Everyone is now facing a big challenge with the sudden changes due to COVID-19. As an IT Security Manager, going from having on-site workers every day to having the majority of the workforce working from home provides a security challenge. Maintaining our organization’s productivity, connectivity, flexibility, and security is going to take all of us working together in this difficult time.
Before we get started, please ensure the safety of your employees and their families by following the WHO and your local government’s advice. Also, follow the guidelines from the WHO on ‘Getting your workplace ready for COVID-19’.
In times of crisis, the good people in the world stand out, but unfortunately, cybercriminals seize the opportunity. Attacks have increased and multiple COVID-themed attacks are surfacing. Already, cybercriminals are targeting individuals by disguising themselves as legitimate organizations, e.g. WHO, to steal money or sensitive information, and doing this by offering a cure, COVID-related tax refunds, providing misinformation that the virus is airborne, and more. We wrote this post to share our perspective and skills which we hope will help in this new reality.

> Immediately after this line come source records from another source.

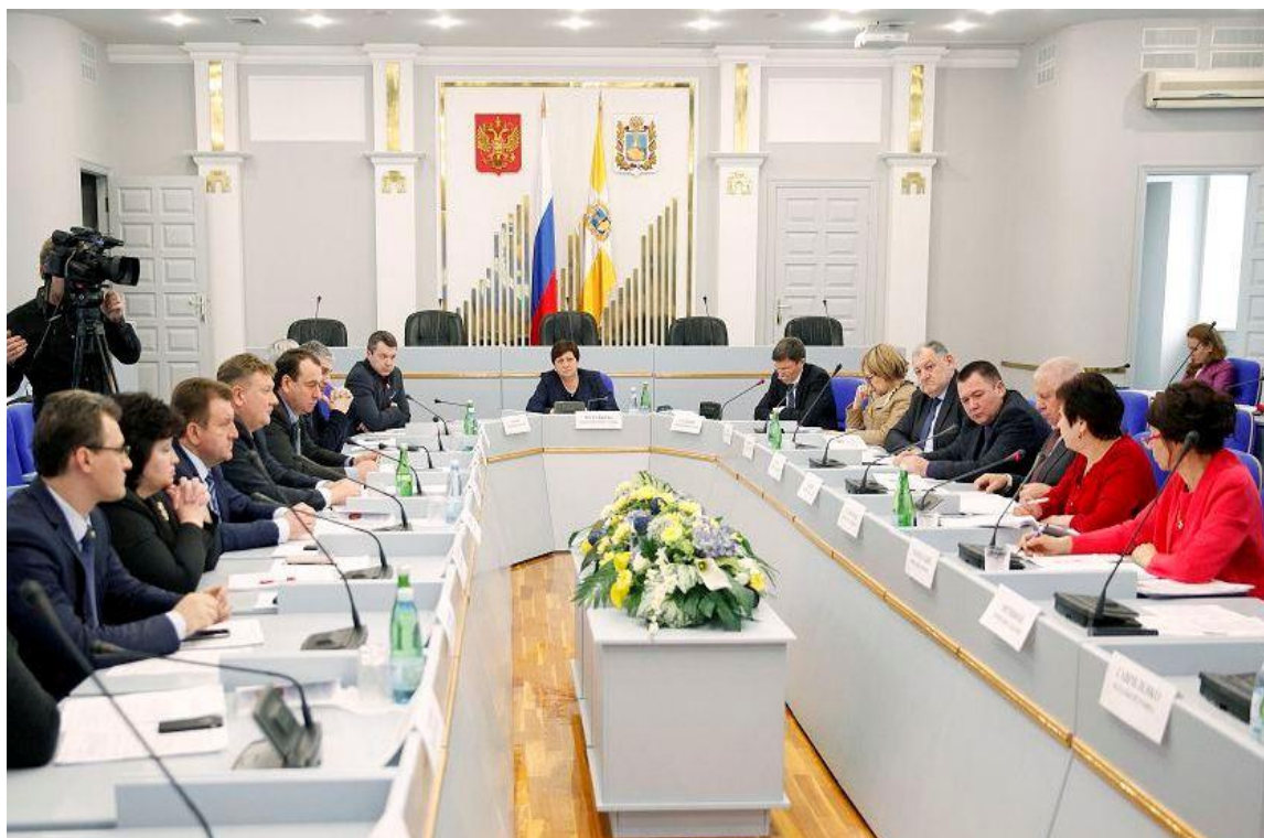
Заседание комитета по социальной и молодежной политике, образованию, науке, культуре и средствам массовой информации

В январе-феврале 2018 года осуществлял деятельность Комитет Думы Ставропольского края по социальной и молодежной политике, образованию, науке, культуре и средствам массовой информации.
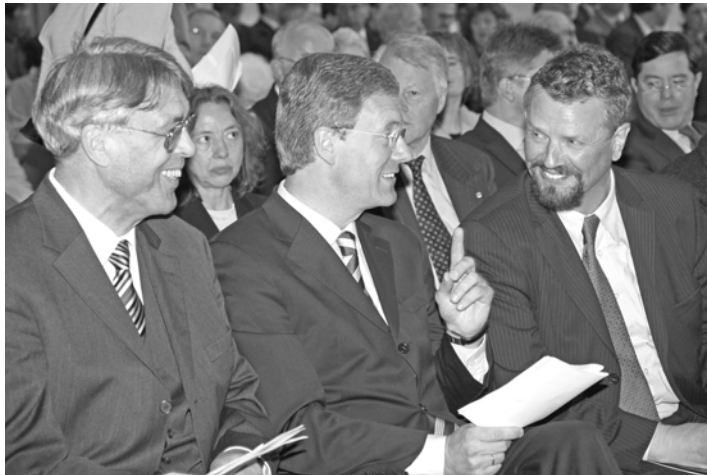
Fünf Jahre DSF – Gelegenheit zum Gespräch

Dies führt mich zur Frage der finanziellen Ressourcen. Dieses Problem betrifft nicht nur die Deutsche Stiftung Friedensforschung. Die Wissenschaft ist grundsätzlich unersättlich, wenn es darum geht, die Forschung voranzutreiben. Da sollte sich Herr Ministerpräsident Wulff auch keine Illusionen machen. Denn die Unersättlichkeit besteht nur vordergründig in der Forderung nach mehr Geld. Der Antrieb der Wissenschaft kommt aus dem Streben nach neuen Erkenntnissen, nicht nur mit dem Ziel eines abstrakten Fortschritts, sondern auch im Hinblick auf die Gewinnung relevanter Ergebnisse. Aus diesem Grund wird die Politik den Forderungen der Wissenschaft immer nur zum Teil nachkommen können. Ich hoffe aber, dass wir in den nächsten Jahren in der Lage sein werden, dem Unersättlichkeitstrieb zumindest ein Stück weit entgegen kommen zu können. Leider gibt es im Augenblick keine Salzgitter AG, die zum Verkauf ansteht. Aber vielleicht findet sich etwas Vergleichbares.
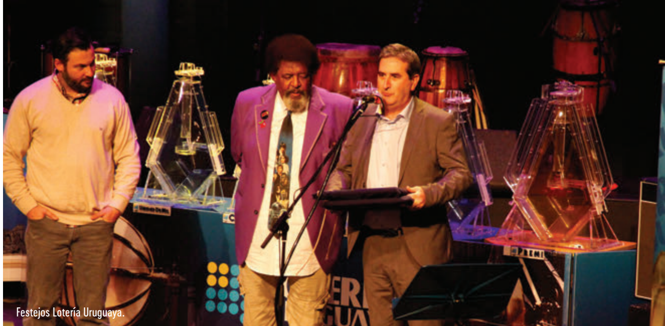
Festejos Lotería Uruguay.
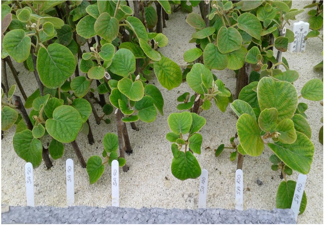
Ek 16. 26 °C köklendirme ortamında SA 50 ppm ve SA 100 ppm uygulamalarının görünümü (11.05.2016)

It’s imperative to provide guidance to remote employees so they can do their part to help you keep your organization secure and protected from breaches. I recommend you do what you can to provide employees with the support they need to set up their home environments securely and efficiently. You have to rely on your employee’s judgment – if you make security too difficult, they will find a way around it. The key is to make doing the right thing easy, and the wrong thing difficult.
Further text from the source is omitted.